A m 22. April, pünktlich zum 139. Geburtstag von Wladimir Ilitsch Lenin, war das Mausoleum am Roten Platz wieder geöffnet. Zwei Monate lang hatte man den rot-schwarzen Palast aus Granit und Marmor für Besucher geschlossen gehalten. In dieser Zeit hatte das „Allrussische Wissenschaftliche Institut für Heil- und aromatische Pflanzen“ den Leichnam in einer speziellen Kräuter-Lösung gebadet. Mit der Geheim-Lösung aus verschiedenen Substanzen hält man den balsamierten Leichnam ansehnlich. Dank der „einzigartigen Technologie“ könne man Lenin noch 100 Jahre lang zeigen, erklärte Jurij Denisow-Nikolskij, der Direktor des für die Lenin-Konservierung zuständigen Instituts gegenüber der Zeitung „Trud“.

Glanz-Jacke statt Militärrock

Die Kommunisten kleideten die berühmte Mumie je nach politischer Konjunktur. 17 Jahre lang trug der tote Lenin eine Uniformjacke. Dann verpasste man ihm einen Anzug aus feinem Schweizer Lüstergewebe. Lenin soll den leicht glänzenden Anzug aus feiner Wolle zu Lebzeiten besonders gerne getragen haben. Weil die Balsamierungsmittel in die Jacke eindringen, muss sie eigentlich alle drei Jahre gewechselt werden. Nachdem die Jacke das letzte Mal 2003 gewechselt worden war, war eine neue Jacke dieses Jahr überfällig. Doch weil die Mittel wegen der Finanzkrise knapp sind, beschränkte man sich noch einmal damit, den Lüster-Zwirn mit Dampf zu Reinigen und dann mit einem Bügeleisen zu Glätten. „Der Staat hat seit 1992 keine Kopeke mehr bezahlt. Alles wird von der Stiftung „Lenin-Mausoleum“ und privaten Förderern aufgebracht“, erklärte der Direktor des Konservierungs-Instituts. Die Reinigung des Anzugs ist das Mindeste, was gemacht werden muss, denn jeder Dreckfleck – so die Experten - kann das Balsamierungsexperiment zunichte machen.

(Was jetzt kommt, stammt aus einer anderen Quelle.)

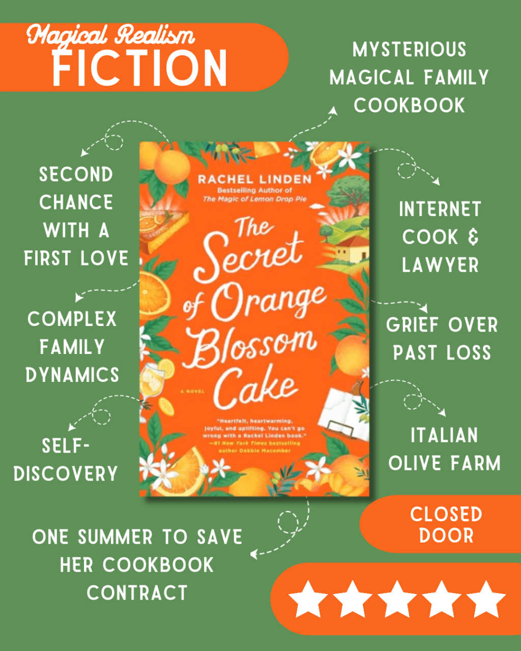 This is a tender, gorgeously written story about family, forgiveness, and self-discovery. Rachel Linden’s lush descriptions will make you crave every dish and dream of long, slow summer evenings at a table full of food, wine, and love. While there’s a delightful second-chance romance woven in, the true magic is Jules’s journey to find her voice, her passion, and her place. I especially loved the way her relationship with her younger half-sister unfolded – the reminder that there is no such thing as “half family” was deeply moving.
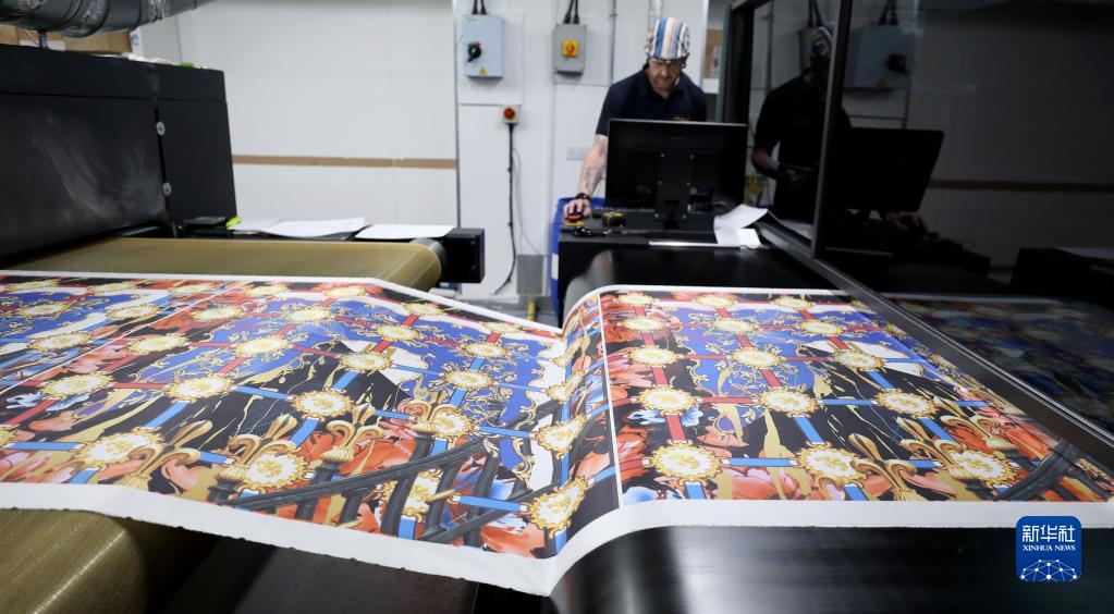 8月11日,工人在英國麥克爾斯菲爾德一家絲綢工廠(chǎng)內工作。
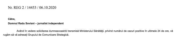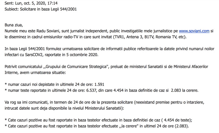Solicitarea mea, de luni, 5 octombrie 2020, ora 17.14, subliniez, către Ministerul Sănătății, organismul care răspunde de sănătatea publică a fost următoarea:
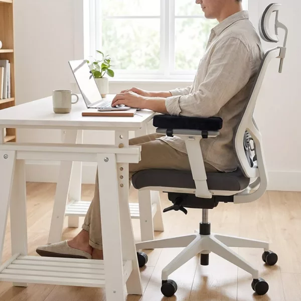 اشتريت هذه للكرسي في مكتبي المنزلي. الوسادة تدعم الساعدين جيدًا لدرجة أن كتفيّ تبقيان مسترخيتين، ولم أعد أنحني فوق المكتب بعد الآن.
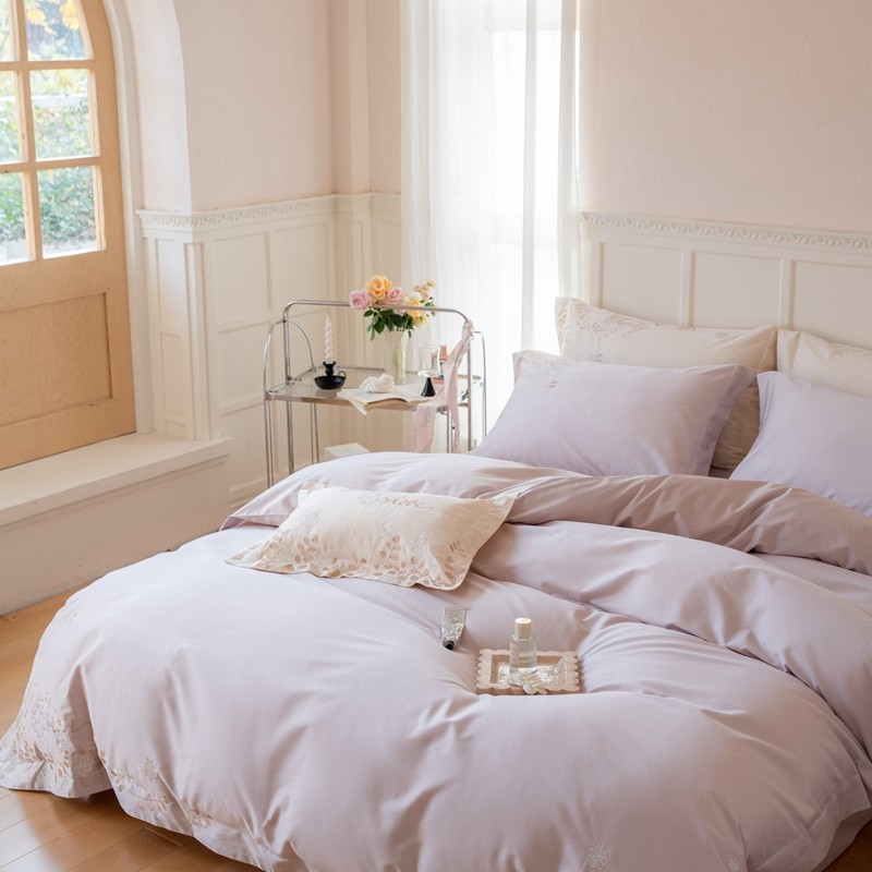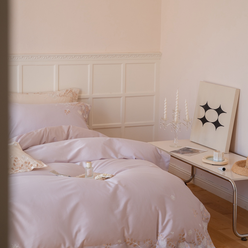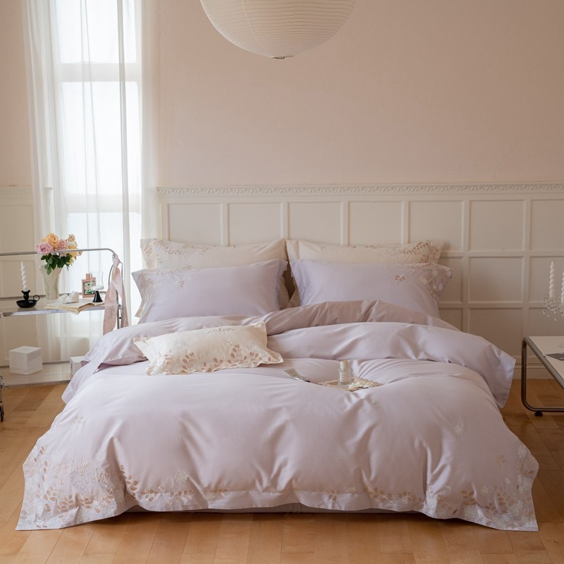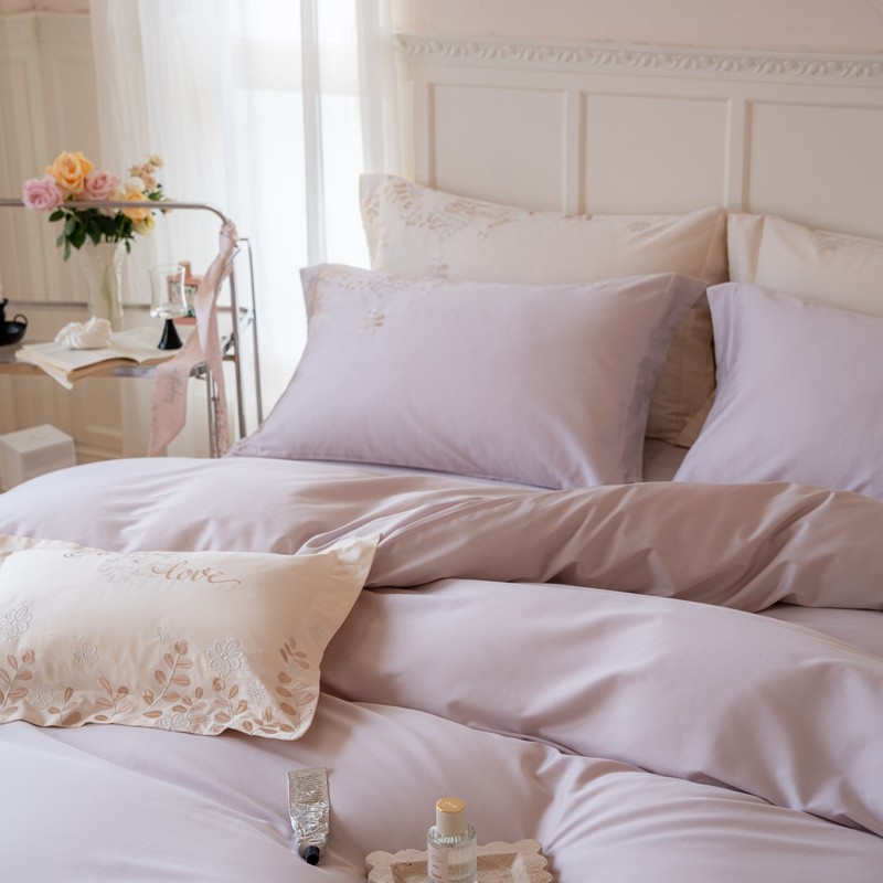 鹿班家居 100支长绒棉刺绣四件套-白月影 迷雾紫标准会员-20
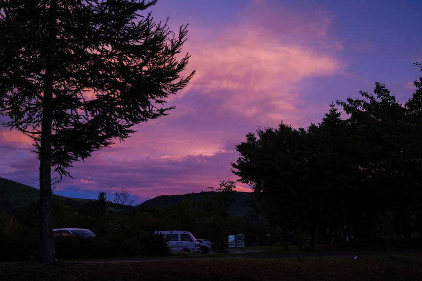 Als we even voor het raam blijven zitten, verschijnt er tot onze grote verbazing steeds meer van Fuji. Het is het einde van de dag, dus we sprinten naar buiten met een camera op zak en genieten van de mooiste zonsondergang van onze levens. We voelen ons onwijs gelukkig dat we Fuji überhaupt hebben mogen zien - in september is de kans vrij klein. Om dan ook nog zo'n indrukwekkend schouwspel van de lucht mee te mogen maken, daar heb ik geen woorden voor. We hebben denk ik wel een uur aan het meer staan fotograferen en genieten.
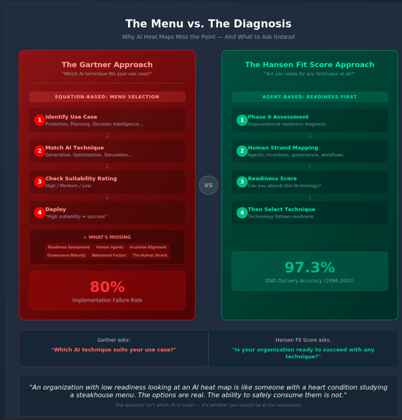 And it will contribute to the next wave of the 80% failure rate — because it tells organizations what to order without ever asking if they should be at the restaurant.
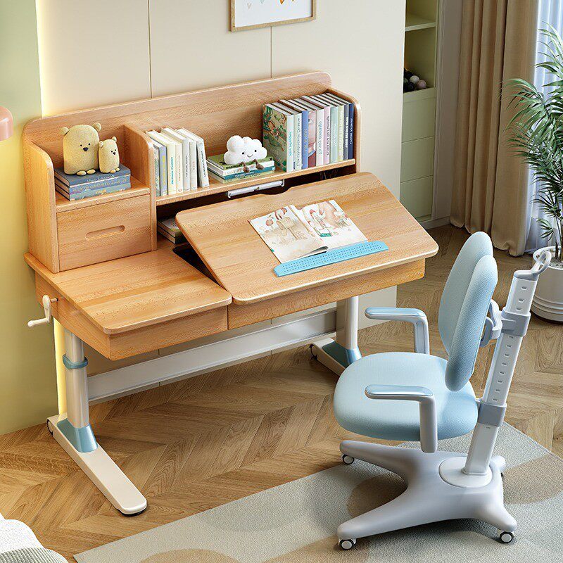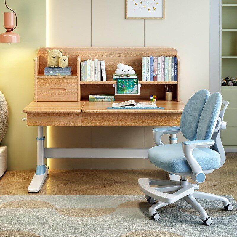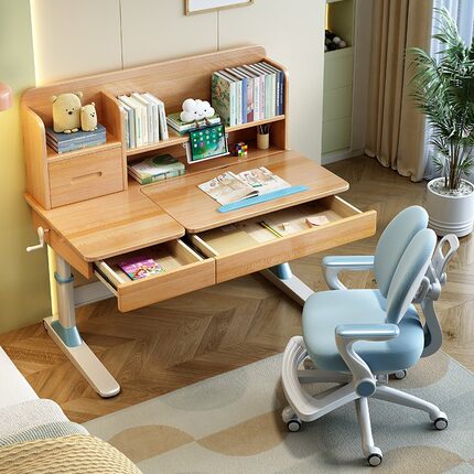榉木儿童书桌实木多功能学习桌家用小学生可调节升降写字套装桌椅
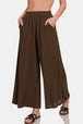 The Woven Wide Leg Pants with Pockets are a versatile and stylish addition to your wardrobe. Featuring a wide-leg silhouette, these pants offer a flattering and flowy fit that is perfect for any occasion. The addition of pockets provides both functionality and convenience, allowing you to carry small essentials with ease. Whether you dress them up with heels and a blouse or keep them casual with a simple tee, these pants are a chic and effortless choice. Made from woven fabric, they drape beautifully and offer a polished look. Elevate your outfit with the sophistication and comfort of the Woven Wide Leg Pants with Pockets for a fashion-forward statement.
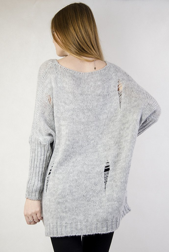 Szary sweter oversize z dziurami oraz dekoltem w serek
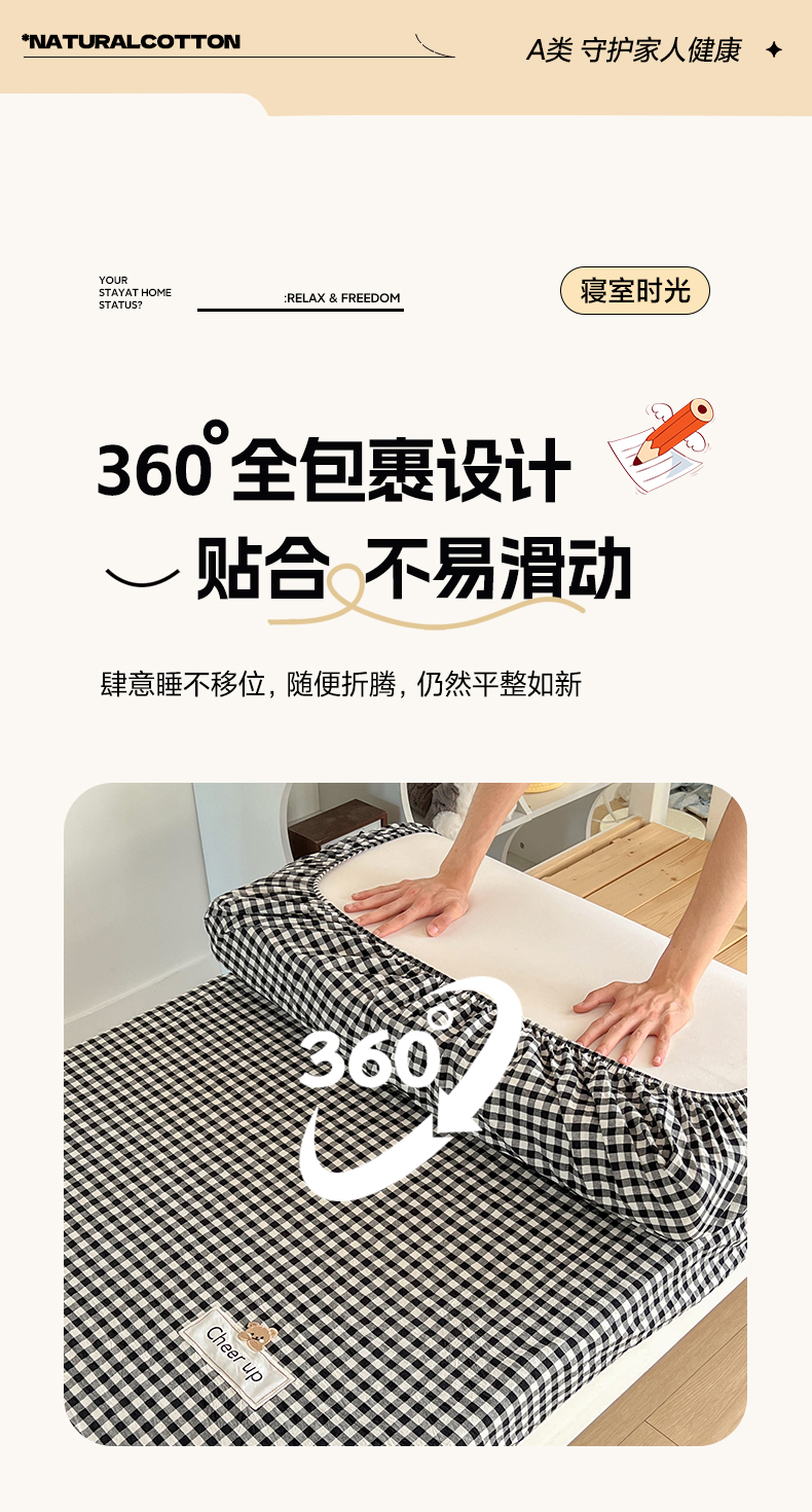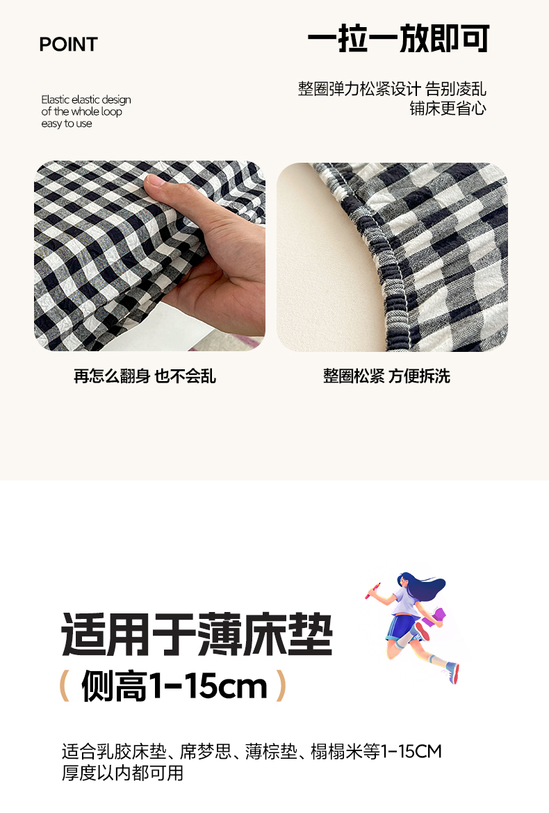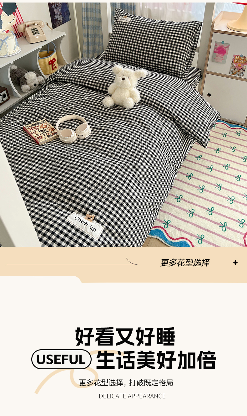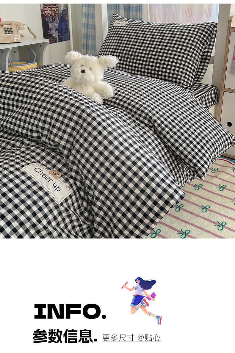 佳笠家居 2025新款kimi熊系列A类宿舍全棉纯棉色织水洗棉床笠单床笠床笠单件 黑白格
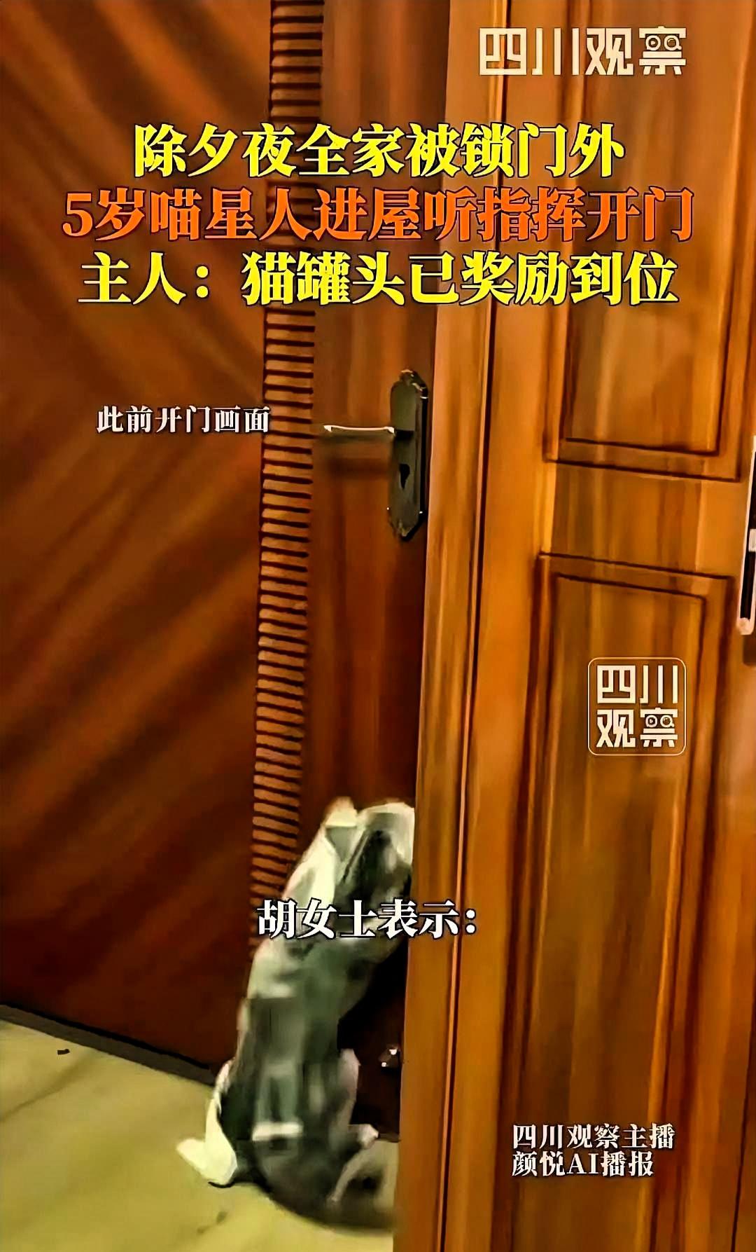 “立大功了!”湖北宜昌,除夕夜全家出门吃饭,中途返回拿东西,才发现钥匙被锁在了家里,五个人都被关在门外。 大过年的,开锁师傅大多已经放假,一时之间根本找不到人帮忙,一家人站在楼道里,十分着急。 就在大家一筹莫展的时候,家里养了五年的小猫刚好回来。主人灵机一动,想到小猫平时可以从小窗户进出,便试着把猫从窗户送进屋里,希望它能帮忙打开房门。一开始大家也只是抱着试一试的想法,没想到猫咪十分配合,在家人的轻声指引下,真的成功打开了门锁。 短短几分钟,原本棘手的问题就被一只小猫解决了,全家人都松了一口气。不少人觉得猫咪高冷独立,可真正长期相处下来就会发现,小动物虽然不会说话,却能和主人形成无声的默契。五年的朝夕相处,让它熟悉家里的环境,也懂得主人的意图,在关键时刻帮上了大忙。 这件事被分享到网上后,很多网友都觉得又暖心又有趣。大家纷纷表示,这才是真正用心养出来的宠物,平时的陪伴没有白费。主人也给小猫奖励了猫罐头,当作对它的感谢。 其实宠物带给我们的,不只是日常的陪伴,还有很多意想不到的温暖与帮助。它们用最简单直接的方式,默默守护在身边,成为家庭里不可或缺的一员。平凡生活里的这些小美好,往往最能打动人心。

Kommunisten, Exorzisten und Mönche

Zum Geburtstag von Lenin zog wie jedes Jahr der Führer der russischen Kommunisten, Gennadij Sjuganow, mit mehreren Hundert Anhängern - darunter einer Schar „Junger Pioniere“ - , zum Mausoleum. Ein Event-„Kreuz-Zug“, der eigentlich unter Führung von Ultranationalist Wladimir Wladimir Schirinowski und unter Beteiligung von Musikern der Gothic-Rock-Gruppe „Excorzist“ sowie Priestern und Mönchen unter der Parole „Weg mit dem Idol von der Kreml-Mauer“ um den Roten Platz und den Kreml ziehen wollte, wurde von der Polizei am Sammelplatz aufgehalten. Das Mausoleum sei eine „Kirche des Teufels“. Man müsse es vernichten, hieß es in einer Erklärung der „Kreuz-Zug“-Organisatoren.

Lenin auf Platz 7

Liberale und Menschenrechtler fordern seit Jahren, Lenin endlich zu beerdigen. Nach einer Umfrage des Lewada-Meinungsforschungsinstituts unterstützen zwei Drittel der Russen diese Forderung. Aber solange es noch eine beträchtliche Zahl von Lenin-Anhängern gibt, will offenbar kein russischer Präsident die Verantwortung für eine Beerdigung übernehmen. Bei der Internet-Abstimmung des russischen Staats-Fernsehens über die „größten Russen“, im Dezember 2008, landete Lenin - nach dem Fürsten Aleksandr Newski (Platz 1) und Josif Stalin (Platz 3) - immerhin noch auf Platz sieben.